## How to complete this task
A partial copy is required: transcribe exactly the lines from the one containing "Duální kamerový systém" through the last line below, without any pictures.

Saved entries
▼

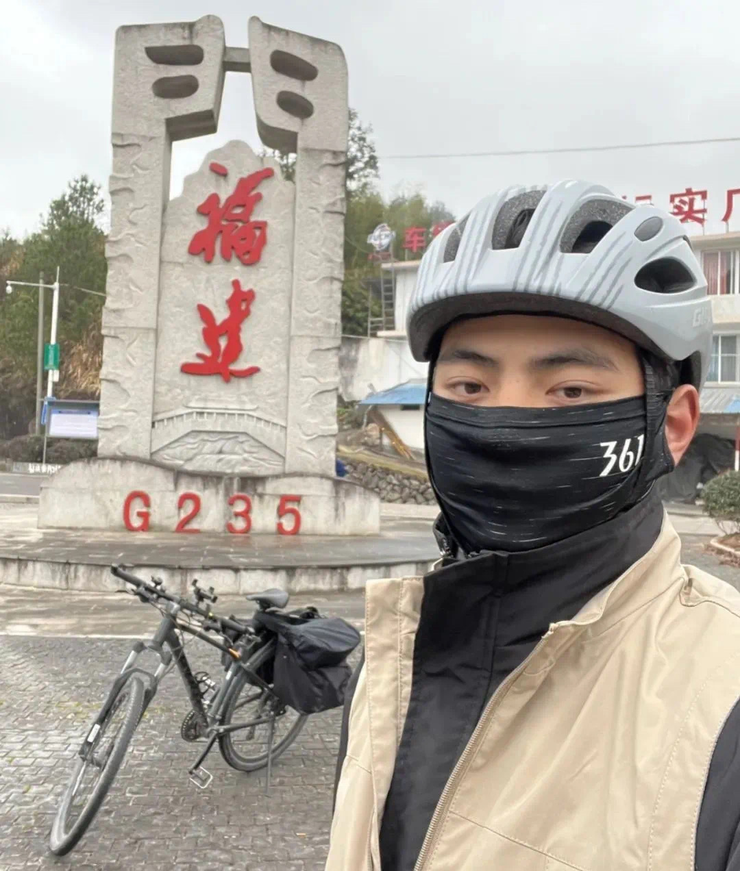 黄士辉同学在校期间成绩优异、自立自强,此次骑行费用皆来自奖学金和兼职所获得的收入。他希望这次骑行活动能够通过自己的努力和坚持,向更多人传递积极向上的精神风貌。出发前,黄士辉同学进行充分的计划,他准备了骑行所需的装备和食品,也准备了校旗和宣传册,以便沿途向人们介绍他的目的和信念。在骑行过程中,黄士辉同学经历了种种困难和挑战,但他始终坚持着。他说:“虽然路途遥远,道路艰辛,但每当我看到校旗在风中飘扬,我就感到无比的自豪和动力。”一路上,黄士辉同学结识了同样有理想的好友,遇到了环游世界的退休大叔、埃塞俄比亚的流浪画家、77岁骑行环游中国的大爷、骑行1000多公里回家过年的骑友、得知他是从郑州骑行来坚持不收取费用的补货包裁缝阿姨以及赠送哈密瓜的海南果农大叔等,许多人都主动与他交流,询问他的目的和经历,并对他的勇敢和坚持表示敬佩。
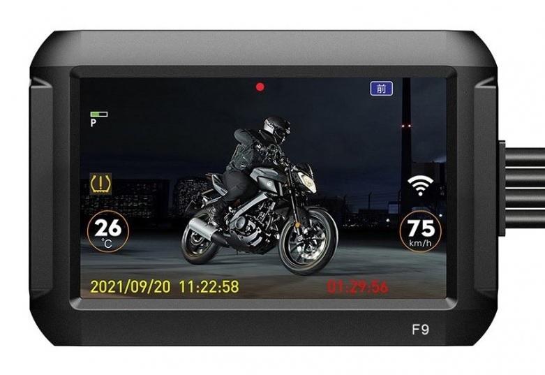 Duální kamerový systém na motocykl Secutek F9-TPMS je navržen speciálně pro motorky a čtyřkolky. Disponuje velkým 4'' displejem, který lze díky držáku snadno namontovat na řídítka a monitorovat dění před i za motorkou. Záběry z obou kamer lze na displeji zobrazit vedle sebe nebo vždy jednu v režimu celé obrazovky, což umožňuje použití tohoto systému i jako couvací či parkovací kamery.
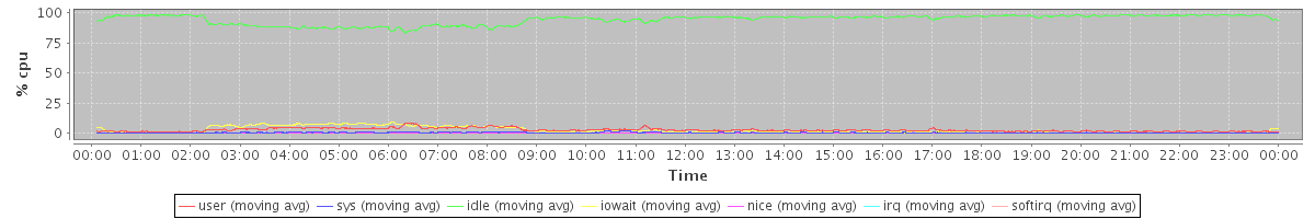 avg(user) = 2.64 avg(sys) = 0.44 avg(idle) = 94.50 avg(iowait) = 2.37 avg(nice) = 0.00 avg(irq) = 0.00 avg(softirq) = 0.04
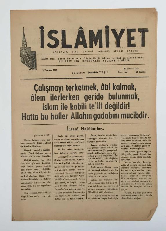 İslamiyet Gazetesi: Sayı 506 / 3 Temmuz 1959 (Çalışmayı Terk Etmek, Atıl Kalmak, Alem İlerlerken Geride Bulunmak İslam ile Kabili Te'lif Değildir!), Şemseddin Yeşil tarafından kaleme alınmıştır. İslamiyet Gazetesi: Sayı 506 / 3 Temmuz 1959 (Çalışmayı Terk Etmek, Atıl Kalmak, Alem İlerlerken Geride Bulunmak İslam ile Kabili Te'lif Değildir!) adlı eser Türkçe dilindedir.
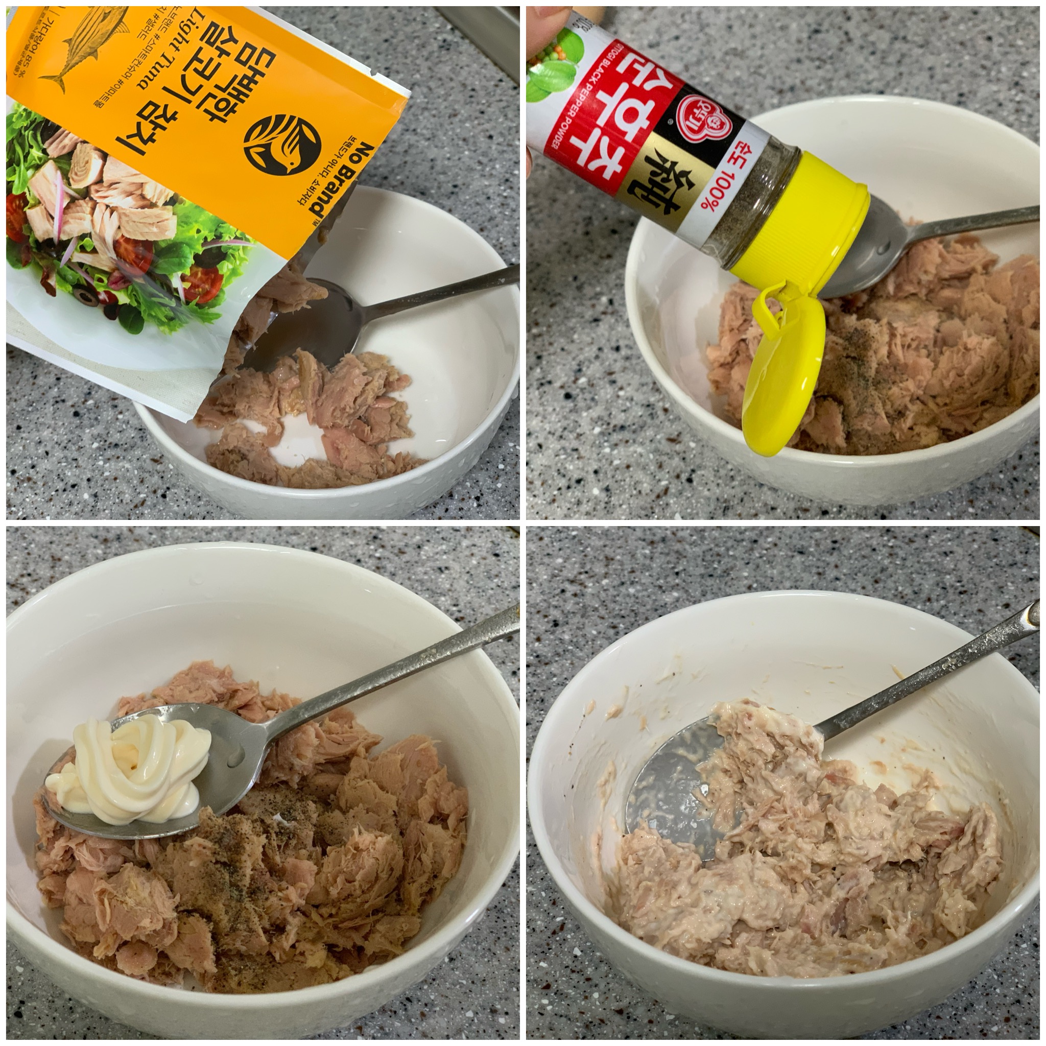 참치는 기름을 꼬옥 짜서 준비하고 후추 약간 마요네즈 3스푼을 넣고 잘 섞어 줍니다. 참치 준비도 끝.
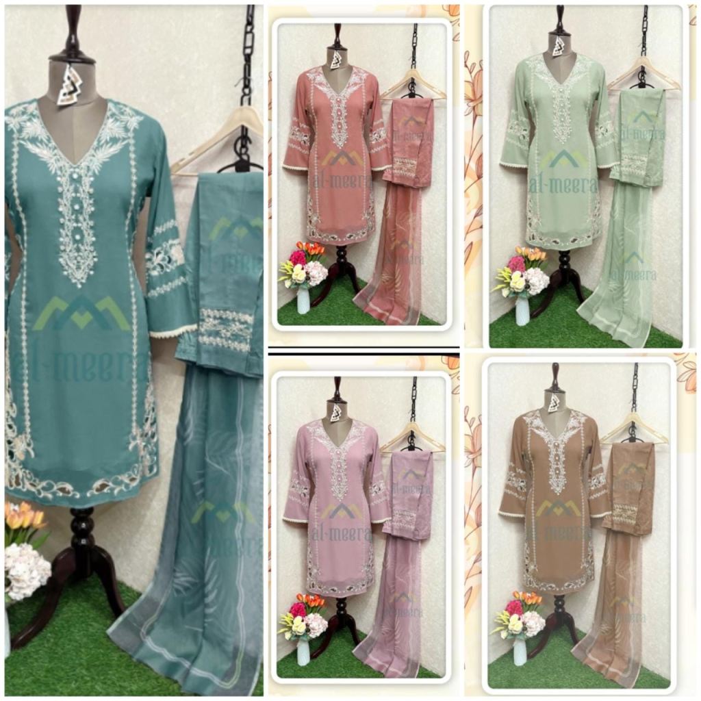 Al Meera 1149 Light Color Readymade Pakistani Suit Collection,thsi catalogue fabric is Faux Georgette With Inner and Bottom fabric is Stretchable Cotten With Embroidered Pach with Dupatta fabric is Digitally Printed Organza.
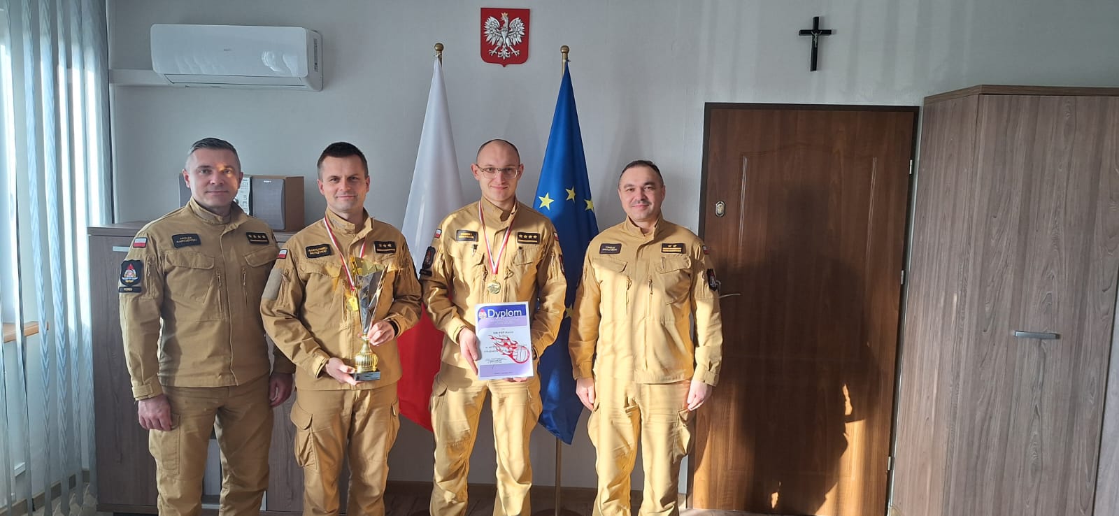 Komendant miejski Państwowej Straży Pożarnej w Koninie bryg. Tomasz Kruszyński wraz z zastępcą st. kpt. Michałem Karczewskim pogratulował strażakom kolejnej wygranej.
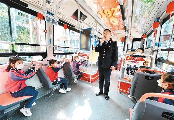 “孩子們,在站臺上等車時不要打鬧嬉戲;公交車靠站后,要按次序上車,坐穩(wěn)扶好,手和頭不能伸出車窗……”公交二公司43路公交車駕駛員李剛耐心地給孩子們講解和演示。
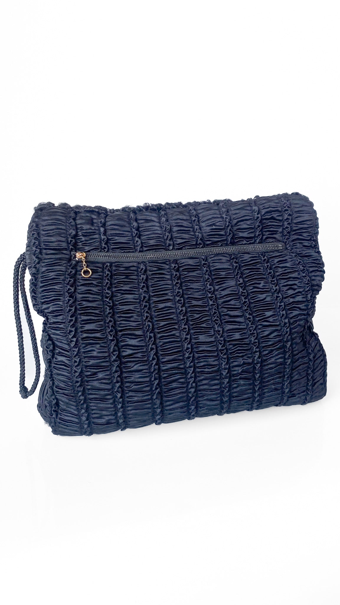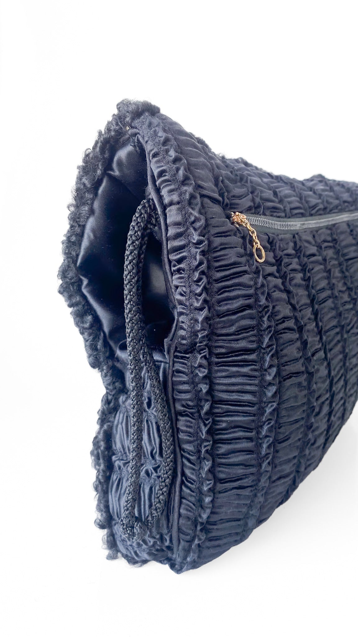 Description: Black muff purse with Persian lamb exterior. Openings on the sides for hands. Satin lining. Braided strap handle. Zippered pouch on the backside.

▲

## Answer
 Duální kamerový systém na motocykl Secutek F9-TPMS je navržen speciálně pro motorky a čtyřkolky. Disponuje velkým 4'' displejem, který lze díky držáku snadno namontovat na řídítka a monitorovat dění před i za motorkou. Záběry z obou kamer lze na displeji zobrazit vedle sebe nebo vždy jednu v režimu celé obrazovky, což umožňuje použití tohoto systému i jako couvací či parkovací kamery.
 avg(user) = 2.64 avg(sys) = 0.44 avg(idle) = 94.50 avg(iowait) = 2.37 avg(nice) = 0.00 avg(irq) = 0.00 avg(softirq) = 0.04
 İslamiyet Gazetesi: Sayı 506 / 3 Temmuz 1959 (Çalışmayı Terk Etmek, Atıl Kalmak, Alem İlerlerken Geride Bulunmak İslam ile Kabili Te'lif Değildir!), Şemseddin Yeşil tarafından kaleme alınmıştır. İslamiyet Gazetesi: Sayı 506 / 3 Temmuz 1959 (Çalışmayı Terk Etmek, Atıl Kalmak, Alem İlerlerken Geride Bulunmak İslam ile Kabili Te'lif Değildir!) adlı eser Türkçe dilindedir.
 참치는 기름을 꼬옥 짜서 준비하고 후추 약간 마요네즈 3스푼을 넣고 잘 섞어 줍니다. 참치 준비도 끝.
 Al Meera 1149 Light Color Readymade Pakistani Suit Collection,thsi catalogue fabric is Faux Georgette With Inner and Bottom fabric is Stretchable Cotten With Embroidered Pach with Dupatta fabric is Digitally Printed Organza.
 Komendant miejski Państwowej Straży Pożarnej w Koninie bryg. Tomasz Kruszyński wraz z zastępcą st. kpt. Michałem Karczewskim pogratulował strażakom kolejnej wygranej.
 “孩子們,在站臺上等車時不要打鬧嬉戲;公交車靠站后,要按次序上車,坐穩(wěn)扶好,手和頭不能伸出車窗……”公交二公司43路公交車駕駛員李剛耐心地給孩子們講解和演示。
 Description: Black muff purse with Persian lamb exterior. Openings on the sides for hands. Satin lining. Braided strap handle. Zippered pouch on the backside.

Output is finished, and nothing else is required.